*Your objective*: All of the lines below are to be transcribed faithfully, with pictures excluded from the copy.

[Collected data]
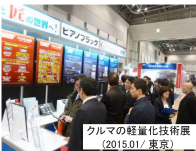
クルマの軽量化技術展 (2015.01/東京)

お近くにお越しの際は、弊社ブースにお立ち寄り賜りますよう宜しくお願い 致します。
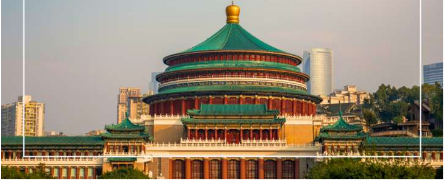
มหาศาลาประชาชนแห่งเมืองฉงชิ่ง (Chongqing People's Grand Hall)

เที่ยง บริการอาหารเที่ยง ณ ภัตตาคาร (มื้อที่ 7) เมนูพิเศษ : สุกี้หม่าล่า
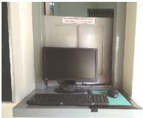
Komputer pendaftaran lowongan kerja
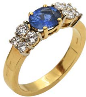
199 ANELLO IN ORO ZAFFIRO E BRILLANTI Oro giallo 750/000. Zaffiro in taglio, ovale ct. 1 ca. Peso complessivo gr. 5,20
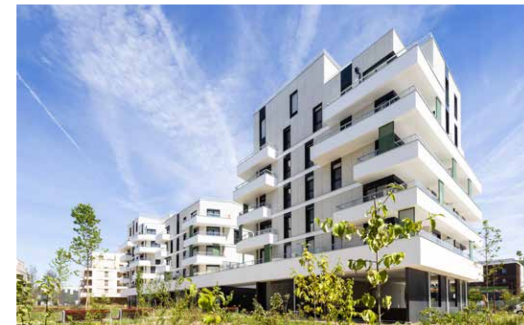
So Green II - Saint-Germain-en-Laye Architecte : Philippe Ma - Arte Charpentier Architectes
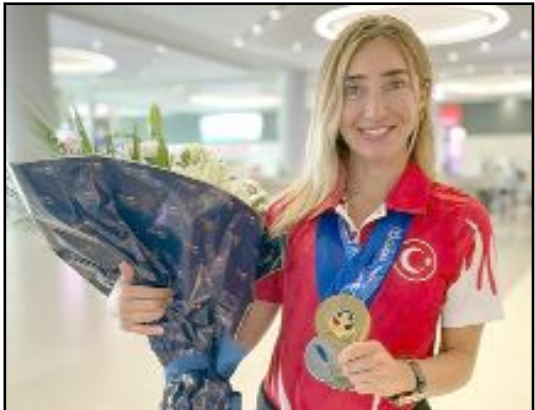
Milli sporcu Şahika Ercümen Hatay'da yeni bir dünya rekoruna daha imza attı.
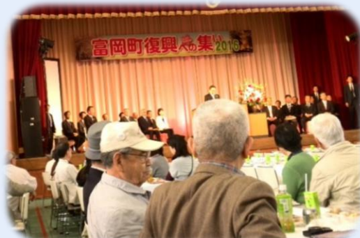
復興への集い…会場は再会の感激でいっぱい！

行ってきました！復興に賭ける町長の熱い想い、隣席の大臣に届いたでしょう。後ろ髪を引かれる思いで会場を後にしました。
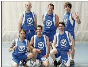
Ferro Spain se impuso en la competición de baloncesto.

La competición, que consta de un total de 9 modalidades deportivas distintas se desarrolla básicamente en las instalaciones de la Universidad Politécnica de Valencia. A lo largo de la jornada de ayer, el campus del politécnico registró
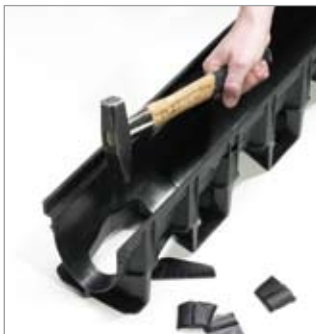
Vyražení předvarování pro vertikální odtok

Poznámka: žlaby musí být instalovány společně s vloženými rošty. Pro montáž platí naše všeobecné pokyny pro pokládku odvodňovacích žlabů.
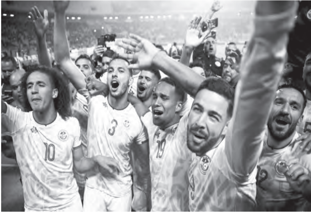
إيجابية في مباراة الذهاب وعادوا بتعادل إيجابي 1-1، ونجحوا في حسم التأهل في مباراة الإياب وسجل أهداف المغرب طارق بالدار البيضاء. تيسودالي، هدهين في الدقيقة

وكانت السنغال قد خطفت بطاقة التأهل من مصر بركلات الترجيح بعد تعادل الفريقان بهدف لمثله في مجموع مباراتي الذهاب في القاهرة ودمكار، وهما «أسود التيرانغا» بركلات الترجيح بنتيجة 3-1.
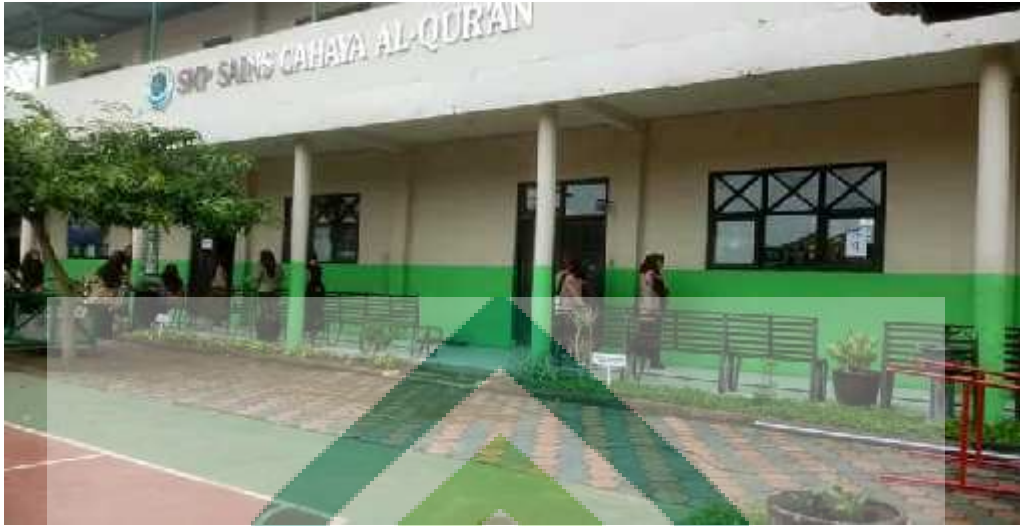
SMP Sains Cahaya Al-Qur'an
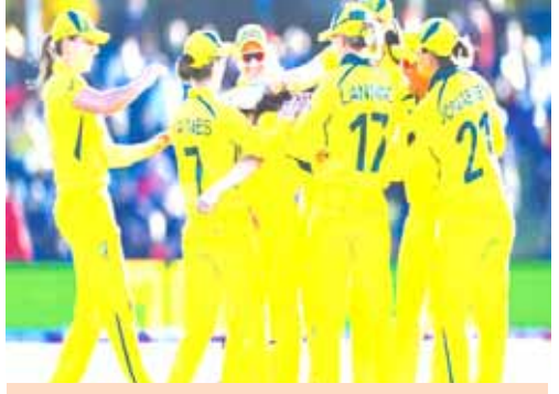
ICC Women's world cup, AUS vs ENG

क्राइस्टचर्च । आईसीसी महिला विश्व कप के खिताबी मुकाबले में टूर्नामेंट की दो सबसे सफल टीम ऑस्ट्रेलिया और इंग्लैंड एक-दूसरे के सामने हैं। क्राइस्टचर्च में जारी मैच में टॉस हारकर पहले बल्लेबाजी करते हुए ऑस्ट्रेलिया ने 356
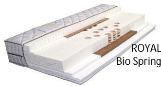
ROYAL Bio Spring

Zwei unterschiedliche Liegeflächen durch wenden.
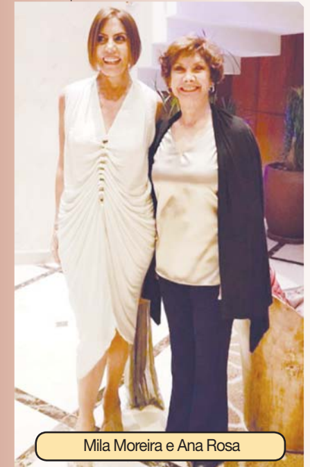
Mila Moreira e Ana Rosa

*Response for this exercise*:
クルマの軽量化技術展 (2015.01/東京)

お近くにお越しの際は、弊社ブースにお立ち寄り賜りますよう宜しくお願い 致します。
มหาศาลาประชาชนแห่งเมืองฉงชิ่ง (Chongqing People's Grand Hall)

เที่ยง บริการอาหารเที่ยง ณ ภัตตาคาร (มื้อที่ 7) เมนูพิเศษ : สุกี้หม่าล่า
Komputer pendaftaran lowongan kerja
199 ANELLO IN ORO ZAFFIRO E BRILLANTI Oro giallo 750/000. Zaffiro in taglio, ovale ct. 1 ca. Peso complessivo gr. 5,20
So Green II - Saint-Germain-en-Laye Architecte : Philippe Ma - Arte Charpentier Architectes
Milli sporcu Şahika Ercümen Hatay'da yeni bir dünya rekoruna daha imza attı.
復興への集い…会場は再会の感激でいっぱい！

行ってきました！復興に賭ける町長の熱い想い、隣席の大臣に届いたでしょう。後ろ髪を引かれる思いで会場を後にしました。
Ferro Spain se impuso en la competición de baloncesto.

La competición, que consta de un total de 9 modalidades deportivas distintas se desarrolla básicamente en las instalaciones de la Universidad Politécnica de Valencia. A lo largo de la jornada de ayer, el campus del politécnico registró
Vyražení předvarování pro vertikální odtok

Poznámka: žlaby musí být instalovány společně s vloženými rošty. Pro montáž platí naše všeobecné pokyny pro pokládku odvodňovacích žlabů.
إيجابية في مباراة الذهاب وعادوا بتعادل إيجابي 1-1، ونجحوا في حسم التأهل في مباراة الإياب وسجل أهداف المغرب طارق بالدار البيضاء. تيسودالي، هدهين في الدقيقة

وكانت السنغال قد خطفت بطاقة التأهل من مصر بركلات الترجيح بعد تعادل الفريقان بهدف لمثله في مجموع مباراتي الذهاب في القاهرة ودمكار، وهما «أسود التيرانغا» بركلات الترجيح بنتيجة 3-1.
SMP Sains Cahaya Al-Qur'an
ICC Women's world cup, AUS vs ENG

क्राइस्टचर्च । आईसीसी महिला विश्व कप के खिताबी मुकाबले में टूर्नामेंट की दो सबसे सफल टीम ऑस्ट्रेलिया और इंग्लैंड एक-दूसरे के सामने हैं। क्राइस्टचर्च में जारी मैच में टॉस हारकर पहले बल्लेबाजी करते हुए ऑस्ट्रेलिया ने 356
ROYAL Bio Spring

Zwei unterschiedliche Liegeflächen durch wenden.
Mila Moreira e Ana Rosa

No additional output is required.